焼失点 十一 | ナノ



 十一


 焼け焦げ、黒炭と化した木々と、外側の火災を免れた枯木が外側からは、幾重にも折り重なって進入を拒絶するように見えた。
 近藤がついた時にはもう、現場を囲むようにしてテープが張られてあった。片手を挙げ、直立状態の隊士に一言断ると、テープの下から潜って一般人立ち入り禁止区域に踏み入る。労いの言葉を掛ければ疲れにより無表情だった隊士の顔が僅かにほころんだようにも見えた。残業の父親を眠気と戦いながらも帰ってくるまで待った子供の、ささやかな誇らしさの混じった表情だ。
 坂の上にあるのもあってか、予想以上に敷地面積が広く感じられた。資料で読んだ300000平方メートルの概念がいまいちピンと来なかった、というものある。およそ五百メートル掛ける六百メートル四方の長方形だ。
 来る前に読んだ資料を思い出しながら、近藤は今の病院の状況と対比する。
 緑は割と多かったらしい。青々と、いっそ不似合いなほど生い茂った草木を包む様にして病院棟の建築材料の飛び散った灰が覆いかぶさっている。
 そこを隊士達が慎重に歩く。取り残された人員の救助が大方終わった、その表情は先程屯所に報告しに来た山崎ほど硬くはなかった。
 時々指示を出しながら全体の様子を把握するため近藤が入ってきたところの反対側、正門の辺りに来た時、聞き覚えのある、しかし真選組の隊士ではない声が届いた。

「新八お前地図もっかい確認しろ。これで読み間違えでした、つっても洒落になんねーぞ。」
「時間と体力返せヨこら。」
「いや僕が悪い感じになってんのこれ?」
 新八の口調には半ば呆れも含んでいる。そうアルお前が悪いネ眼鏡、と神楽が言い切った。
 何度も皺くちゃの、押入れから引っ張り出したであろう地図を眼鏡に押し当て、細かい字を確認した。ありがちな似たような感じの違いも、同じような読みのような落とし穴もない。
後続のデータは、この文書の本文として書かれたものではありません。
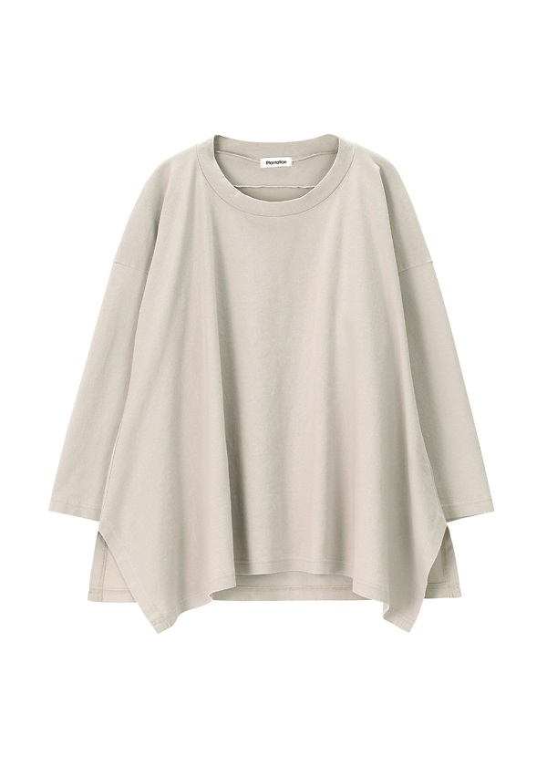 30/1の紙糸と綿の60/1を撚糸した20/1の糸で編み上げた天竺素材です。肌離れが良くドライ感があり着心地の良い生地になっています。ジャージ素材ですが、裾にかけてドレープが美しいシルエットに仕上がっています。ラフすぎず、普段使いにも取り入れやすいアイテムです。

 しかし視線を現実に戻すと、目の前にあるのは紛れもなく硝煙の廃墟。更に鮮やかな黄色のテープは胸の高さほどで張られていて、そこには大きく「一般人立ち入り禁止」との言葉が印刷されている。
「...依頼、パーアルか?」
 感情の抜けた、悟りの一つでも開いたような表情で神楽が呟いた。
「神楽、夢は何処までも追うものだ。」
 励ましているようだが、銀時の目も据わりきっている。安っぽい夢だな、と新八がボソリと言う。お通ちゃんのニューシングル、と絶望を含んだ口調で付け加えるのも忘れない。それも十分に安い夢ですよ、と松陽が述べた。
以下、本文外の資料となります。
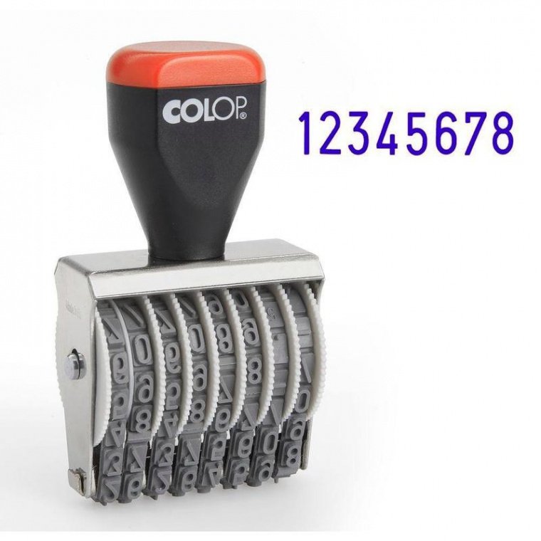 8-ми разрядный. Удобная рукоятка, металлический корпус. Для получения оттиска предварительно окрашиваются при помощи настольной штемпельной подушки. Используются для нумерации документов, проставления артикулов на товарах. Номер устанавливается вручную с помощью колесиков. Оттиск однострочный. Высота шрифта — 5 мм. Ширина шрифта — 2 мм.

 再び無残なほどの焼け跡に目を向け、松陽はわずかに瞠目した。
 そして、向こう側から近づいてくる人影。
 あれ?人影?え?近づいてくる?
「おー奇遇だな義弟よ!そして万事屋にチャイナさんと...?」
 今日も今日とて腕を大きく広げ、駆けて来るゴリ...ゲフンゲフン...ストーカー...あーもう面倒だからゴリラでいいよもうそれでいいじゃん!ともかくゴリラが近くまで来た。隠そうともせずに新八が無表情になる。
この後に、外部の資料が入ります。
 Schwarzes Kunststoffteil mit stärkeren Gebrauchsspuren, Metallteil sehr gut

「誰が義弟だテメーいい加減にしろよ。近藤さん、おはようございます。」
 切り替わった!すっぱり切り替わったよこの子!と珍しく銀時がツッコミを入れたところで神楽が手を軽く振った。
「あ、ゴリラネ!とうとうジャングルに帰ることに決心がついたアルか?」
「いやジャングルってどこなの神楽ちゃん。」
「コンクリートと鉄のジャングルヨ。」
「ウマイ!うまいけどそんなんいらないから。」
 一通りボケを裁くと新八は今更気が付いたように、ここどうしたんですか、と近藤に振り向きながら聞く。黄色いテープ越しの会話だった。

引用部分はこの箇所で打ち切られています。